In September last year the Ministry of Justice (MOJ) published a seemingly innocuous consultation entitled Transforming Our Justice System. Contained within it was a proposal to abolish the existing requirements for tribunal panel composition and make panels consisting of just a judge the default position for all tribunals. This would have meant that for Employment and Support Allowance (ESA) and Personal Independence Payment (PIP) appeals it would no longer be mandatory for the appeal panel to have a medical expert, or a medical and disability expert in the case of PIP. We were highly concerned by these proposals as, in our experience representing appellants, the non-legal experts often play a key role in ensuring the tribunal reaches a correct decision.
Last week the MOJ published their response to the consultation and the good news is they have partially climbed on down on these proposals:
“…we do not intend to proceed with the proposal to introduce a single member panel as the default position in the unified tribunals. Instead, we will amend the First-tier Tribunal and Upper Tribunal (Composition of Tribunal) Order 2008 that the [Senior President of the Tribunal] may provide that a panel should consist of 1, 2 or 3 members, as required”
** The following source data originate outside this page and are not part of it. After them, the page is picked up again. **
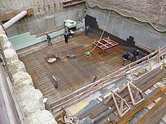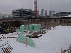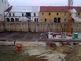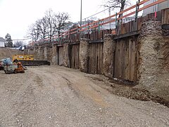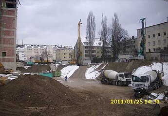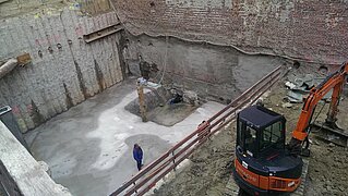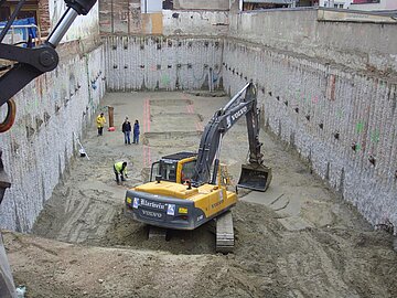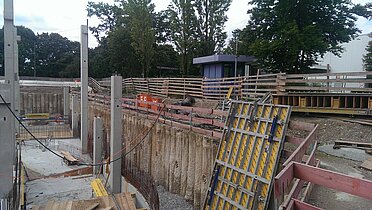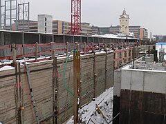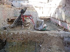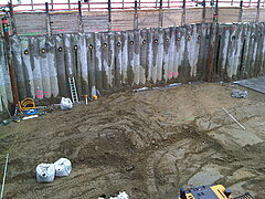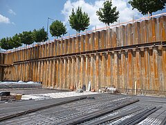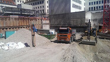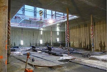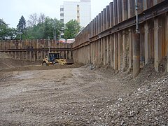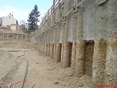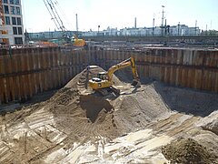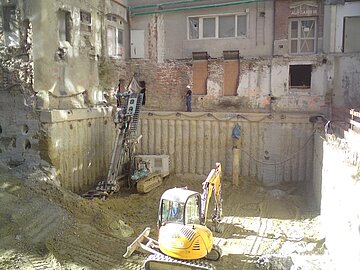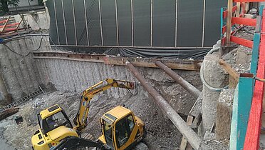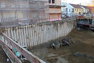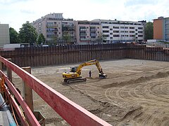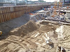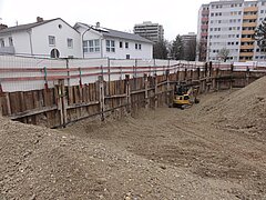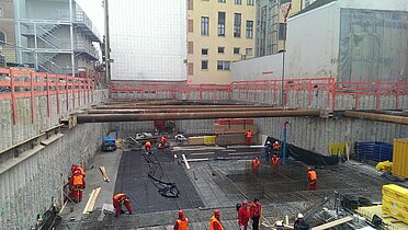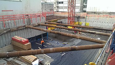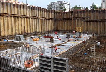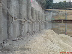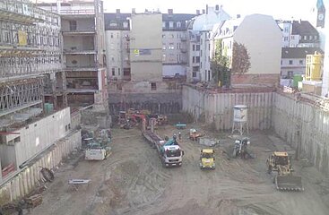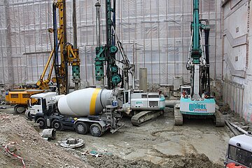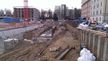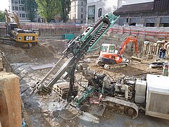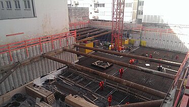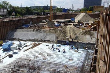 | Systemlösung: | 9.500 m² Bohrpfahlwand in DN 620 mm, 750 mm, 880 mm und 1.200 mm, teilweise 3-lagig rückverankert; gesamt 9.450 lfm Anker, Bohrpfähle DN 1200 mm unter beschränkter Arbeitshöhe, Hochhausturm mit HDI (300 m³), Wasserhaltung |
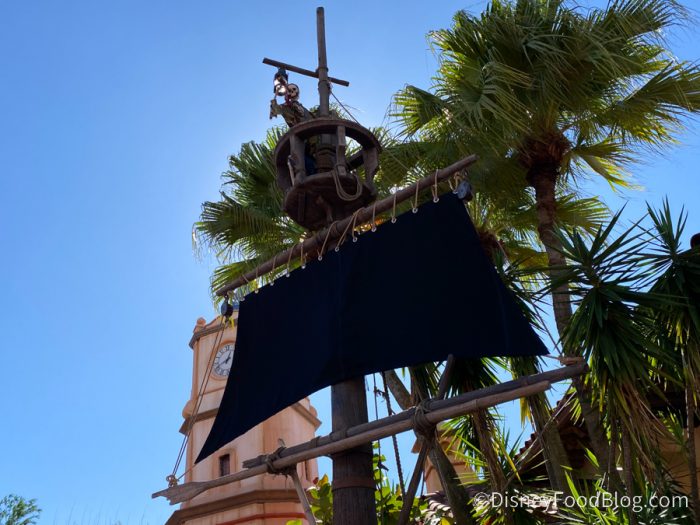 A Cast Member informed us that this was temporary and this flag is just a placeholder, so it looks like Pirates is getting a new sign! We can’t wait to see it!
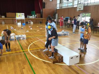 3年総合 高齢者擬似体験 公開日 2024/07/01 更新日 2024/07/01 各学年から 1,2組で、高齢者擬似体験を実施しました。 高齢者の体験だけではなく、2人1組で介助者の体験もしました。

However this is not a total victory as they are going ahead with removing the requirement to have regard to the previous arrangements on panel composition. This means that ESA and PIP panels will no longer have to contain medical and disability experts, but can be varied at the discretion of the Senior President of the Tribunal (SPT). Given the immense financial pressure on the Tribunal service and the need to make savings it is quite possible that the SPT will decide to go ahead with using single member panels in a lot of cases.
As we wrote in our initial response to the consultation we are very concerned that this will effectively mean that non-legal members are only used in exceptional circumstances and this could undermine the accuracy of tribunal decision making. The consultation document stated that non-legal members ‘should only be part of the panel where their presence is relevant to the case’. In the cases of disability benefits the expert knowledge of the medical professional and the disability representative is always relevant to the case.
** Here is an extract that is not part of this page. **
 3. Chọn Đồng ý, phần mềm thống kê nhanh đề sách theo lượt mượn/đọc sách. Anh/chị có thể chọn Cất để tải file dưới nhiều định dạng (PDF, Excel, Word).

In our experience disability benefit appeals rarely rest on a legal issue but rather a dispute between the claimant and the DWP as to the impact of their condition on their capabilities in relation to the descriptors. The input of a medical professional, who has a proper knowledge of medical conditions and their potential to impact up capability is essential in this process. A medical understanding of a condition enables panel members to ask appropriate questions that can elicit vital oral evidence from claimants. As a PIP claimant who Z2K recently represented said:
“The hearing itself was great. The doctor had a really good understanding of what was going on”
We hope that the SPT will seriously consider the implications of their new power to vary panel composition before making any changes. With such high rates of success PIP and ESA appeals are a much needed lifeline for sick and disabled claimants denied the support they’re entitled to. We fear that any move to limit the use of medical and disability experts could undermine this and serve to limit access to justice.